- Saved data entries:

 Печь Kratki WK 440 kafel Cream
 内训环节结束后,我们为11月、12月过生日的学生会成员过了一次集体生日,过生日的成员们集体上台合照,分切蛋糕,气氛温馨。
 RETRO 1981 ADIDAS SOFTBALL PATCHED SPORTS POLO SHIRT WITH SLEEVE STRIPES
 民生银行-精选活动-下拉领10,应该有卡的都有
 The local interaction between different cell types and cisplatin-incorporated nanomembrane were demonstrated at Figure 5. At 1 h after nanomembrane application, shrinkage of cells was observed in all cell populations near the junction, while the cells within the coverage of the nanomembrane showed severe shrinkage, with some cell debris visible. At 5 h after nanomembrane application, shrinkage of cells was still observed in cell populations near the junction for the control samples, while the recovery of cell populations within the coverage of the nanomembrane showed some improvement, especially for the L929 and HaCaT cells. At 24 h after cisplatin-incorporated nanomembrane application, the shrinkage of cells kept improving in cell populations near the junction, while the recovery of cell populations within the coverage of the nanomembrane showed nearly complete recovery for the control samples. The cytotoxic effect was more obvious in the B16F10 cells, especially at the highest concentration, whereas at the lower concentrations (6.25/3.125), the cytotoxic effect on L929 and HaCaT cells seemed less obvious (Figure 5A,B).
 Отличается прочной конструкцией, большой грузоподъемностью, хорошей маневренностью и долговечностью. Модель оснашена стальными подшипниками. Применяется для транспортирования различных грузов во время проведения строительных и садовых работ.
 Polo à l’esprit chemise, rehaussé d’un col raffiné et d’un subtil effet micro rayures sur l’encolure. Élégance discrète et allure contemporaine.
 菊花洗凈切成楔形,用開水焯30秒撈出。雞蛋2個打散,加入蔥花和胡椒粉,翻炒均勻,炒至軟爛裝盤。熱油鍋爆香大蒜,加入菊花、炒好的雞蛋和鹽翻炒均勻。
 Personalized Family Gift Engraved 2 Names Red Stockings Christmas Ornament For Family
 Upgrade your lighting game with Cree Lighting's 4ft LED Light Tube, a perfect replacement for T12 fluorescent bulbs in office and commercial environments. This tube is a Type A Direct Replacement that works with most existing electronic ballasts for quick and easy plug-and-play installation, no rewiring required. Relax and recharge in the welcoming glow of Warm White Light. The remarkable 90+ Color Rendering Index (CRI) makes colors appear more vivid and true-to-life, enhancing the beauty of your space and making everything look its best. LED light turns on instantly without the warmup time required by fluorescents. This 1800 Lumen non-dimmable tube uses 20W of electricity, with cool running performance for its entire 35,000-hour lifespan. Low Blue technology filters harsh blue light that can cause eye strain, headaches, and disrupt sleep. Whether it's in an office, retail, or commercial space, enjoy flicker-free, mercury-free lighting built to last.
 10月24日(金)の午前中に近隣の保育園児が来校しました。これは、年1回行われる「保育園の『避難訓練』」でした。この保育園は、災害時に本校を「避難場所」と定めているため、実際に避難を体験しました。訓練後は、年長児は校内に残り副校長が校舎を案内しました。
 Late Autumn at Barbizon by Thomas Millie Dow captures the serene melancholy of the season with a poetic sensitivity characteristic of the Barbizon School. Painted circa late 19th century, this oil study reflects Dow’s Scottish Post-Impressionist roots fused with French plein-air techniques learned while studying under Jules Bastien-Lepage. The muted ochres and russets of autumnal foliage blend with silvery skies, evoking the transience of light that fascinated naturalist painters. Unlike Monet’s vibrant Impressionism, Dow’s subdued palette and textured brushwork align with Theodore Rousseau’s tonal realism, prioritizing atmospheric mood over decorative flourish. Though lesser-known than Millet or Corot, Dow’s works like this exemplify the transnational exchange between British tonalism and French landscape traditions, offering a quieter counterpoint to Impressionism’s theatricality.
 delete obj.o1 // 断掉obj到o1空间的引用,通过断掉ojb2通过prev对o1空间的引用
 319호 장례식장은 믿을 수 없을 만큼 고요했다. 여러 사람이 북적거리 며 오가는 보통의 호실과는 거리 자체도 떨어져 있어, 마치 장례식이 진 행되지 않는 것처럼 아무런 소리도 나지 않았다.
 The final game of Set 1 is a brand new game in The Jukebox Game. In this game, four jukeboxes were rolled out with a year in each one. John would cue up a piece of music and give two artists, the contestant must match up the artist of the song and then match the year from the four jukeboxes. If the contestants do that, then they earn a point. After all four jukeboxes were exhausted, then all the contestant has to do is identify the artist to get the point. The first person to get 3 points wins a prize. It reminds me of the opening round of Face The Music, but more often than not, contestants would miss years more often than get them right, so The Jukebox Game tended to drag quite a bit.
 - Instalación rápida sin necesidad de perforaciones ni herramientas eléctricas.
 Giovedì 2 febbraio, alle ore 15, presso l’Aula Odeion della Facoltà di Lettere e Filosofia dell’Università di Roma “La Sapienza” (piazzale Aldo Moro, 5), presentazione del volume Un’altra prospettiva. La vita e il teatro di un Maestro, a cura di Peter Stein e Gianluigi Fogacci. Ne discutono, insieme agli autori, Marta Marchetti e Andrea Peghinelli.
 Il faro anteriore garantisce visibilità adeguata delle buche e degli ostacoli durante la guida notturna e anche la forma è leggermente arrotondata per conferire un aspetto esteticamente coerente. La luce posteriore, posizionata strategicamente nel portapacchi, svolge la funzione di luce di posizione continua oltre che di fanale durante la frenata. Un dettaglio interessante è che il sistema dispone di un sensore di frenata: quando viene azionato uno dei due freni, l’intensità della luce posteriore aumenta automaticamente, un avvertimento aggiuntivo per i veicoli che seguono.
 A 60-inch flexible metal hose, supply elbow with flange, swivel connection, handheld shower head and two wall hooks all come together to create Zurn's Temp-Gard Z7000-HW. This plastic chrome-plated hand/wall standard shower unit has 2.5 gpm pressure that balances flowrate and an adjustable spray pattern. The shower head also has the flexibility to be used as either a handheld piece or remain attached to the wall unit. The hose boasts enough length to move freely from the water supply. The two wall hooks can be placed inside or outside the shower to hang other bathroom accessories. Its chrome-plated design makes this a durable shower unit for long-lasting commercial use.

- Exercise goal: Some lines in the records above contain "della". Count them and give the number only.

- Answer to the problem: 2